LIMITED POWER OF ATTORNEY
I, _________________________ of
_________________________, do confer limited
power of attorney on _________________________, of
_________________________,
as the true and lawful attorney for me and in my
name, place and stead, and for my use and benefit regarding:
________________________________________________________.
Said attorney-in-fact shall not be limited or
restricted by the foregoing specifications of the situation. The rights, powers and authority of said
attorney-in-fact granted in this instrument shall commence and be in full force
and effect on _____________ (month & day) ______ (year) and such rights,
powers and authority shall remain in full force and effect thereafter until I,
_____________, give notice in writing that such power is terminated. This Power of Attorney conferred upon the
aforementioned shall not be affected by any subsequent disability or incapacity
that may befall me.
FURTHERMORE, upon a finding of incompetence by a
court of appropriate jurisdiction, this Power of Attorney shall be irrevocable
until such time as said court determines that I am no longer incompetent.

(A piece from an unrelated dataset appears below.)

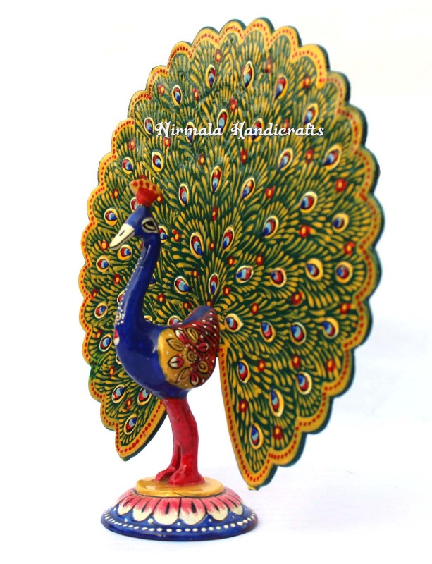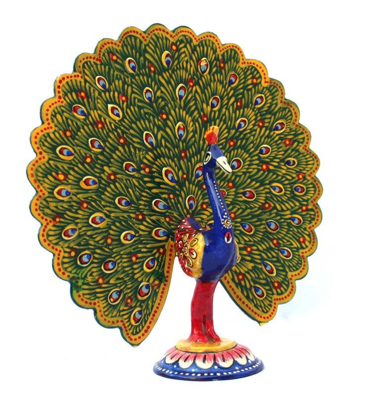 A magnificent depiction of a bird whose exquisite plumage symbolizes royalty, wisdom, and immortality. Its fabulous tail has been the subject of many fantastic tales and now, this intricately patterned bird, boasting of a metal enamel painted throne can enhance your home.

____________________________________
Signature
I, _______________________, whose name is signed to
the foregoing instrument, having been duly qualified according to the law, do
hereby acknowledge that I signed and executed this Power of Attorney; that I am
of sound mind; that I am eighteen (18) years of age or older; that I signed it
willingly and am under no constraint or undue influence; and that I signed it
as my free and voluntary act for the purpose therein expressed.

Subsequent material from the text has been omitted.